DESCRIPTION OF THE TASK >> For the records below, please print exactly and only the lines from the one with "- 4′ Concession" down to the one with "Shawarma-style pulled lamb", both ends included, omitting the pictures.

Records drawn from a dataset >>
=== Begin Enclosure ===
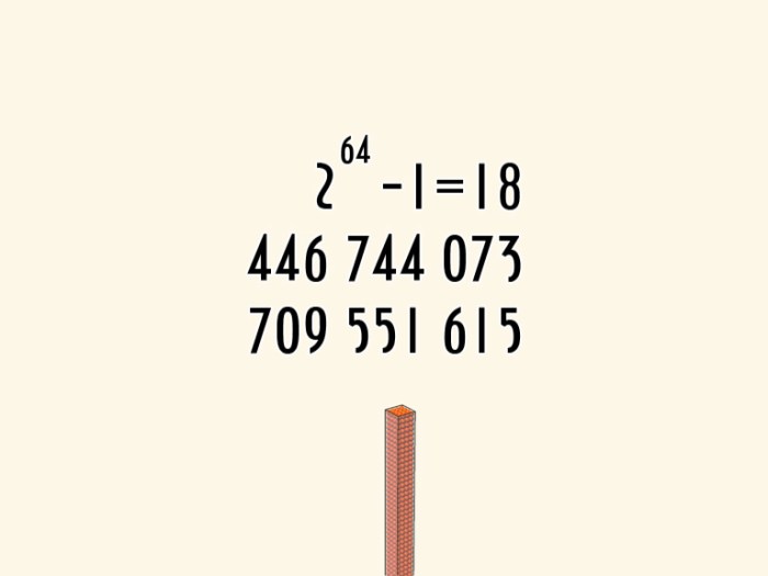Ποιο είναι το ηθικό δίδαγμα της ιστορίας; Ότι η εκθετική αύξηση είναι ύπουλο πράγμα. Το σκέφτεσαι λίγο και τα νούμερα φαίνονται μικρά. Αλλά τελικά θα σου τη φέρει. Όσο μεγάλος και να είσαι θα σου τη φέρει. Μετά από λίγα μόλις βήματα έχει γίνει τόσο μεγάλη που δεν το χωράει ο νους σου. Ο αριθμός γίνεται τόσο εξωφρενικά μεγάλος που είναι μεγαλύτερος από τα μόρια του σύμπαντος…
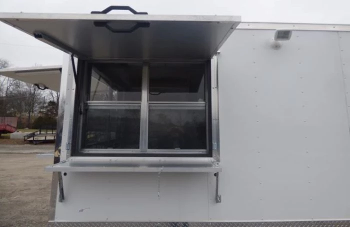 - 4′ Concession Window with Glass and Screens with Flip Up Counter Outside (Pass. Side)
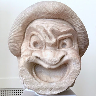 Most ancient Greeks and Romans believed in a world full of gods, demi-gods and spirits. Some were good and some were bad, but they were everywhere. You could distract the malicious spirits with complicated borders on clothes, the sound of bells or nasty smells. You could frighten them away with scary faces or animals. Stone masks like this one from Athens were obviously not worn by actors, nor were the scary masks shown in frescoes and mosaics. They were meant to scare away evil spirits. Amusingly, they were also used to threaten children, like a bogeyman. Ugly Aesop tells a slave dealer that he could be a ‘mormolukeion’ to frighten children into behaving. And later he says he can be a walking talking evil eye.
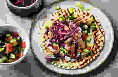 Shawarma-style pulled lamb with tahini-yogurt dressing
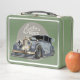 This is a standard metal lunchbox that appears to work just fine. We designed this box ourselves with an uploaded photo and custom text on the front and back. It looks absolutely beautiful except the front of the lunchbox is not centered like it shows in the photo. The print borders don't align with the inset flat part of the box where the preview photo online showed it perfectly centered in there. The back looks nice and centered though.
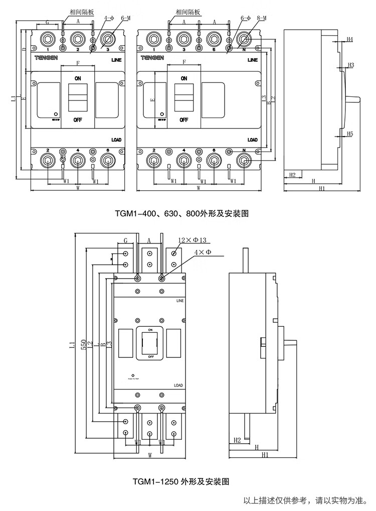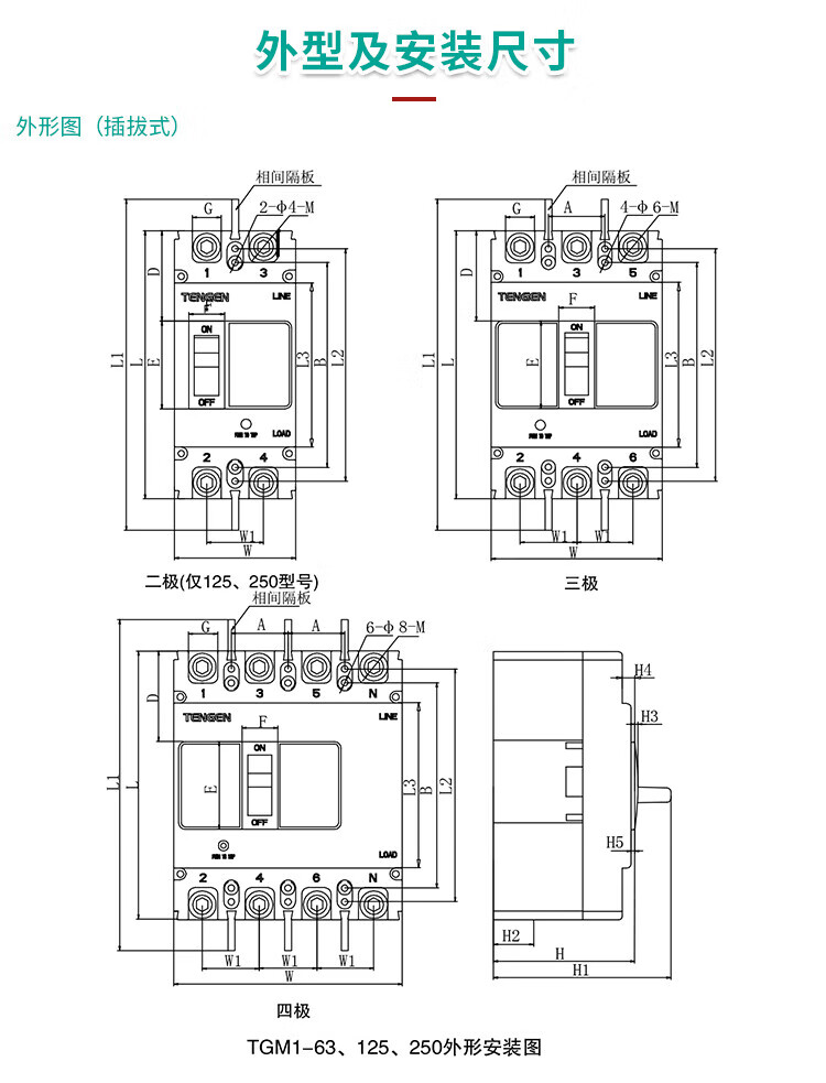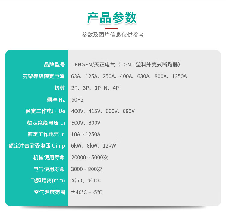 Tianzheng Electric TENGEN plastic case circuit breaker air switch TGM1 series 400A frame current TGM1-400L/3300 400A
=== End Enclosure ===
RESULT FOR THIS EXERCISE >>
 - 4′ Concession Window with Glass and Screens with Flip Up Counter Outside (Pass. Side)
 Most ancient Greeks and Romans believed in a world full of gods, demi-gods and spirits. Some were good and some were bad, but they were everywhere. You could distract the malicious spirits with complicated borders on clothes, the sound of bells or nasty smells. You could frighten them away with scary faces or animals. Stone masks like this one from Athens were obviously not worn by actors, nor were the scary masks shown in frescoes and mosaics. They were meant to scare away evil spirits. Amusingly, they were also used to threaten children, like a bogeyman. Ugly Aesop tells a slave dealer that he could be a ‘mormolukeion’ to frighten children into behaving. And later he says he can be a walking talking evil eye.
 Shawarma-style pulled lamb with tahini-yogurt dressing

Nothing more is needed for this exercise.